I just do. It’s cool.
It’s twisted. It’s shocking. It’s sexy. It’s dangerous.
And, as I’ve come to understand in past few years, it’s home.
I am the youngest of four daughters, raised by a single mother, and I knew fear at a young age.
My sister Jenny suffered a brain injury the summer before I began Kindergarten, when she was 8. This brain injury didn’t result in permanent physical impairment, but her cognitive development was affected severely. I don’t remember who Jenny was before “the accident” (as my family refers to it) but in my memories of those first few years after it, she is a monster.
By forces she couldn’t control, Jenny was prone to tantrums which were, more often than not, violent. I have a vague memory of screaming for help as she sat on my head in our bedroom.
She was trying to crush me. To hurt me. To kill me??
It was unclear what would set Jenny off - to her as much as to us. My family would tread lightly and as lovingly as possible, and be ready to execute defensive maneuvers at the drop of a hat.
As the youngest and therefore littlest one, my defensive maneuver was to run and hide. When shit got real and Jenny had an “episode” (a sterilized, palatable term that in hindsight only reinforces how regular these occurrences were) my directive was simple: Go to your room and shut the door and do your best not to hear anything.
That didn’t always work.
I heard my mother cry out as she was pushed down the stairs. Saw my oldest sister brought to her knees as Jenny locked fingers with her and proceeded to force hers to bend backward.
Some years later it would be my mom and said oldest sister engaged in screaming matches.
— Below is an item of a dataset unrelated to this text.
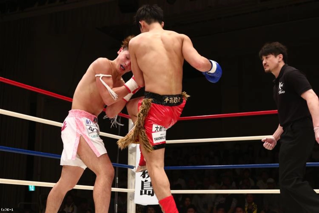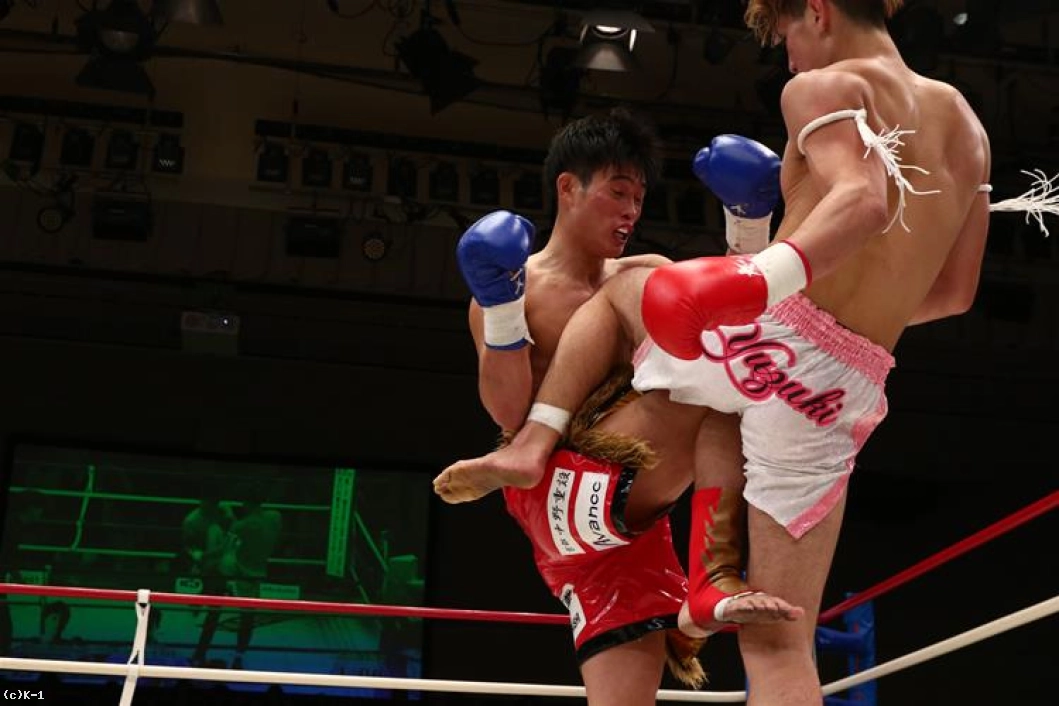 里見は突っ込んでくる川口に左ストレートのカウンターを見舞い、跳びヒザでも仕掛けるも、川口はやはり荒々しく攻めて間合いを詰めてくる。しかしそこでガードがあいた場所を見逃さず、里見は左跳びヒザでアゴを打ち抜きダウンを奪取。川口が立ち上がって終了のゴングとなる。

Doors would slam, feet would stomp. Threats would be made, clothes thrown onto the front lawn.
And I would hide.
Other times the screaming was between my mother and stepfather, Paul, who was in my life for a little over ten years and whose damage to my psyche I still feel.
I was a junior in high school when I found Paul naked, passed out in his and my mother’s bedroom closet after an unsuccessful suicide attempt.
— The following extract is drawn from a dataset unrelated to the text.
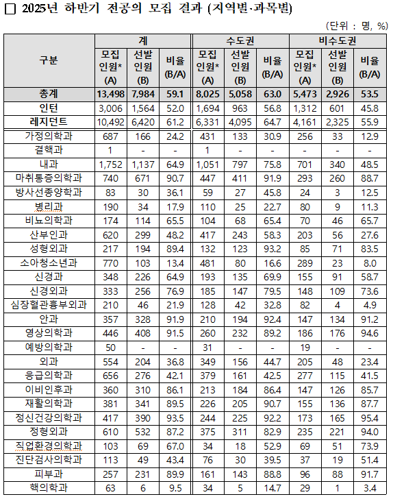 지난해 의∙정갈등 이후 병원을 떠났던 전공의들의 복귀 방침에 따라 열린 올해 하반기 모집에서 모집인원 대비 59.1%인 7984명이 선발됐다. 갈등 이전을 기준으로 보면 76% 수준을 회복했다. 그러나 소아청소년과는 모집률이 13%에 불과하는 등 필수과목은 인기과보다 복귀 움직임이 저조했다. 수도권과 비수도권의 복귀율도 10%p가량 차이 났다.

This time there was no yelling and I didn’t hide. I called 911. And I was only a few minutes late to first period.
Growing up in chaos and dysfunction and experiencing real terror leads plenty of people, understandably, to create a life devoid of such things.
Not me. I’m done hiding from the scary. I seek out horror and in doing so, I’ve come to realize, reconcile with the horrors of my past: the fights, the screaming, the crying. The fear. It’s not an intention - I don’t read or watch horror and consider it therapy. But it is healing. And whether or not I’m cognizant of the catharsis, horror allows me to exercise the demons. It shows me fears beyond what I can ever imagine and yet will never compare to what I’ve actually seen.
And I mean it IS really cool.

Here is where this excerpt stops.